Integrative systems biology approaches in asthma pharmacogenomics

Abstract

In order to improve therapeutic outcomes, there is a tremendous need to identify patients who are likely to respond to a given asthma treatment. Pharmacogenomic studies have explained a portion of the variability in drug response and provided an increasing list of candidate genes and SNPs. However, as phenotypic variation arises from a network of complex interactions among genetic and environmental factors, rather than individual genes or SNPs, a multidisciplinary, systems-level approach is required in order to understand the inter-relationships among these factors. Systems biology, which seeks to capture interactions between genetic factors and other variables, offers a promising approach to improved therapeutic outcomes in asthma. This aritcle will review and update progress in the pharmacogenomics of asthma and then discuss the application of systems biology approaches to asthma pharmacogenomics.

Figure 1. GLCCI1 rs37972 SNP genotype predicts inhaled corticosteroid treatment response in asthma patient cohorts

The rs37972 mutant (T) allele was significantly associated with poorer therapeutic response (measured as the mean ± standard error ΔFEV₁, expressed as the percentage of the predicted value), after 4–8 weeks of therapy with inhaled glucocorticoids in four study groups: SOCS and SLIC trials (SS; n = 264), the Adult Study (n = 385), the LOCCS trial (n = 185) and the CARE network trials (n = 101). CC represents the homozygous reference genotype; CT represents the heterozygous genotype; TT represents the variant genotype. ΔFEV₁: Forced expiratory volume in 1 s. Reproduced with permission from [24] © 2011 Massachusetts Medical Society.

Figure 2. Bayesian network model of SNPs predictive of bronchodilator response

A Bayesian network, which was learned directly from the data, shows 15 SNPs from 15 candidate genes that are significant predictors of BDR. BDR: Bronchodilator response.

Figure 3. Module network analysis of a treatment-dependent protein interaction network

Ingenuity pathway analysis of a treatment response-induced, IL13-dependent cluster identified key regulatory genes TGF-β1 and JUNB. Eight of the network proteins were regulated by TGF-β1, which in turn is activated or induced by THBS1, MMP14 and IL13 in a positive-feedback loop. Proteins are represented by nodes, and edges indicate all interactions other than coexpression. Nodes of dark blue indicate IL13-dependent expression (i.e., genes that are induced by treatment only in the presence of IL13). Reproduced with permission from [108] © 2008, American Thoracic Society.

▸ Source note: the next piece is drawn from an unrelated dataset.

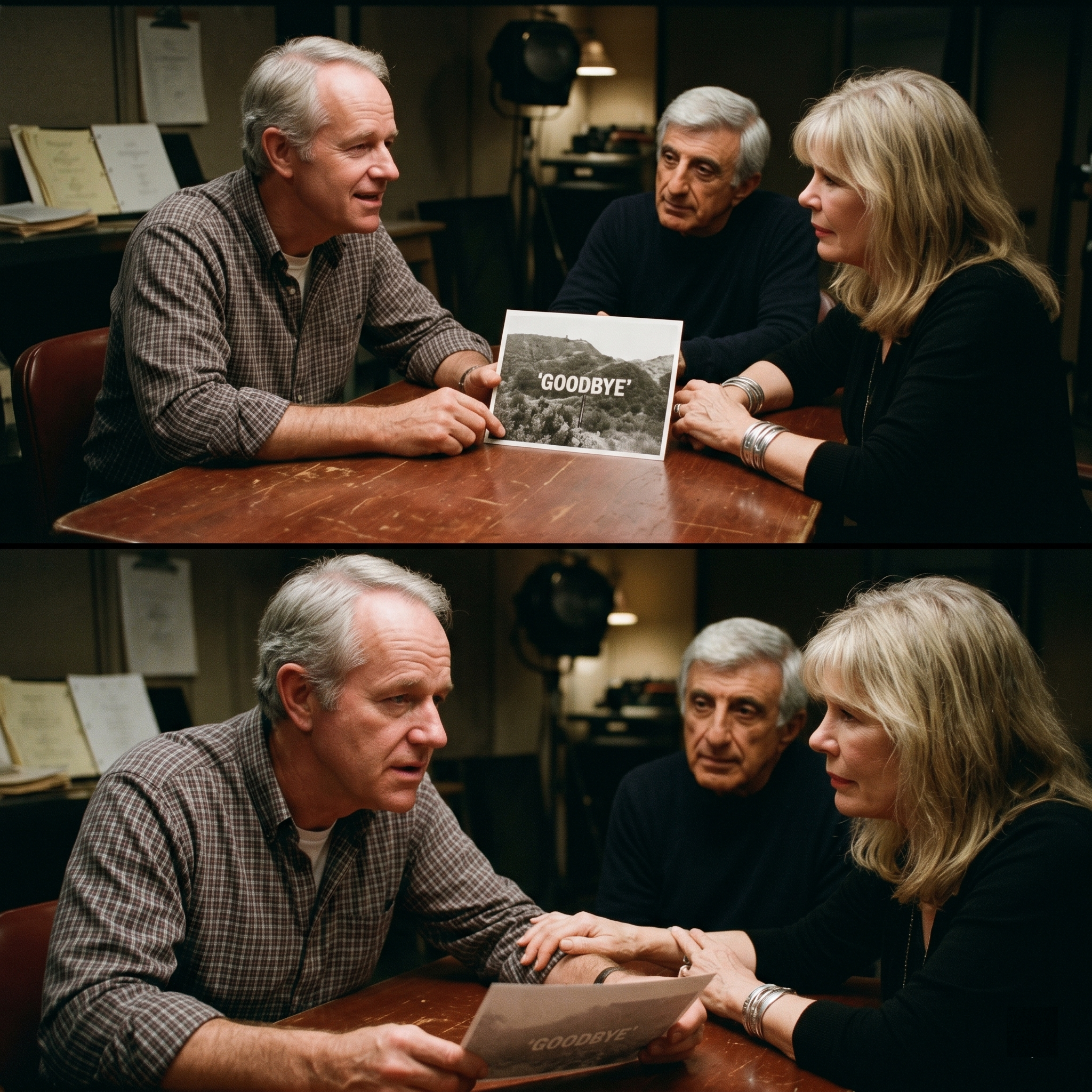 Across from him, Loretta Swit adjusted a silver bracelet on her wrist, her eyes fixed on a grainy photograph resting between them.

Figure 4. Pharmacogenetic categories of asthma phenotypes

Combined effects of genetic and environmental variation categorically affect drug and target response in four distinct ways: pharmacokinetics (therapeutic concentrations at the target site), pharmacodynamics (drug–target interactions), idiosyncratic drug reactions (immune hypersensitivity and drug–drug interactions) and genetic variation related to the natural history of the disease (pathogenesis and symptomatic response). IDR: Idiosyncratic drug reaction; NHD: Natural history of the disease; PD: Pharmacodynamic; PK: Pharmacokinetic.

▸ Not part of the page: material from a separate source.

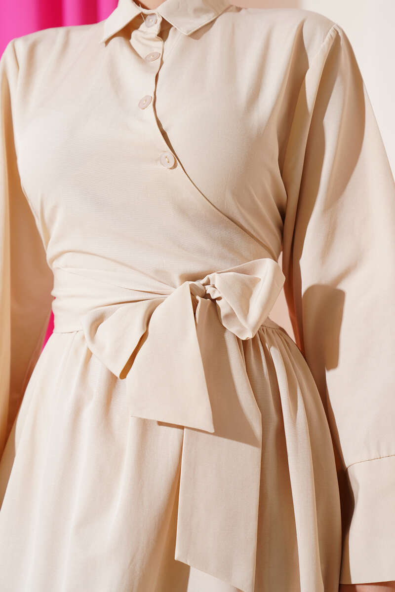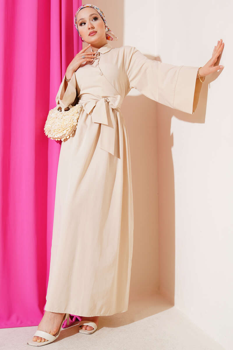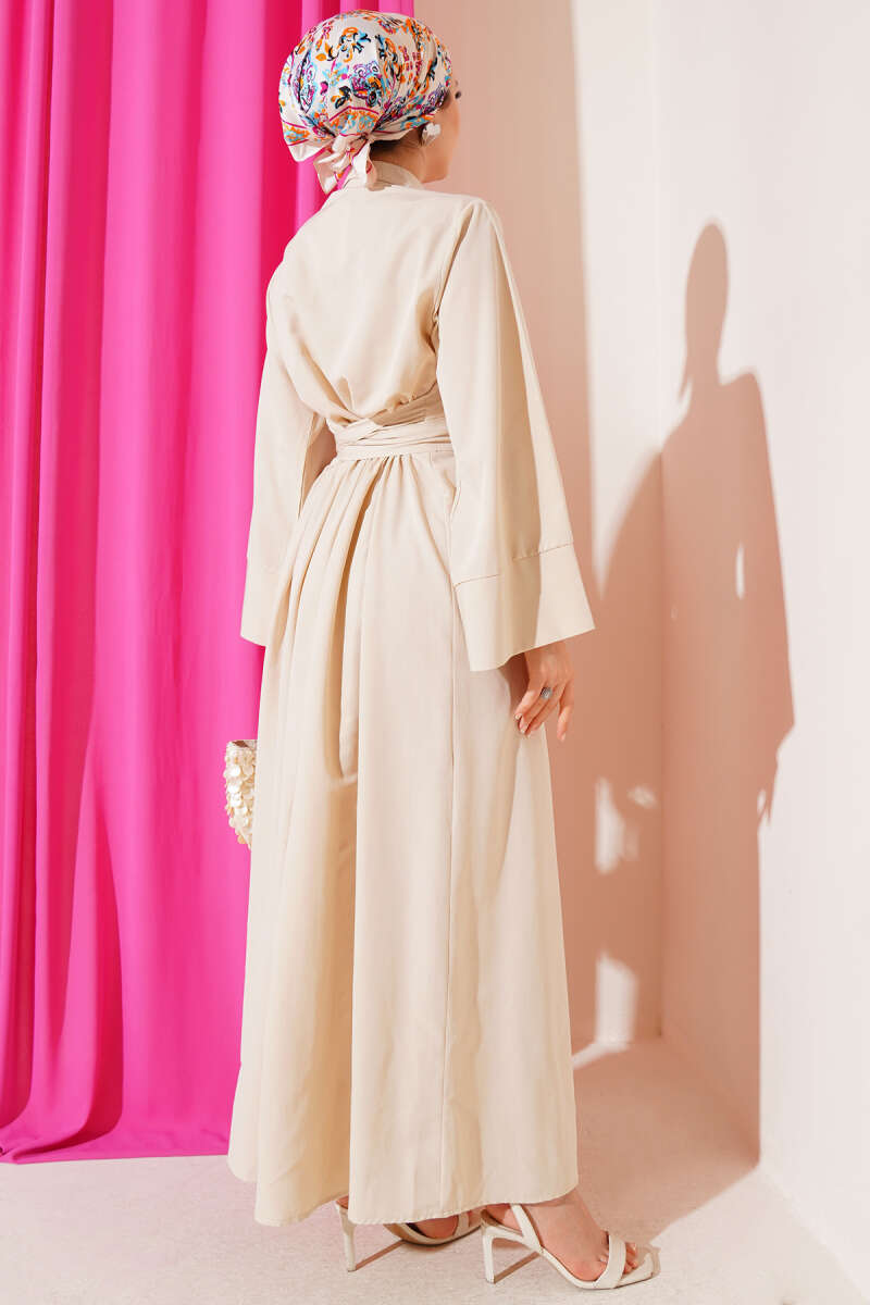 Ayna Kemer Tokalı Bej Şifon Elbise

Figure 5. Integrative gene network of 86 common edges from the CAMP and HapMap consortium (GeneVar) cohorts

From a subset of 608 genes, a subnetwork of 86 edges appeared in both CAMP and GeneVar networks using a threshold of posterior probability of 0.9. Hub nodes are indicated in pink for CAMP, cyan for GeneVar and yellow for both. The direction of the edges is shown by the edge color (green: both positive; black: both negative; red: opposite). Reproduced with permission from [126] © 2009 BioMed Central.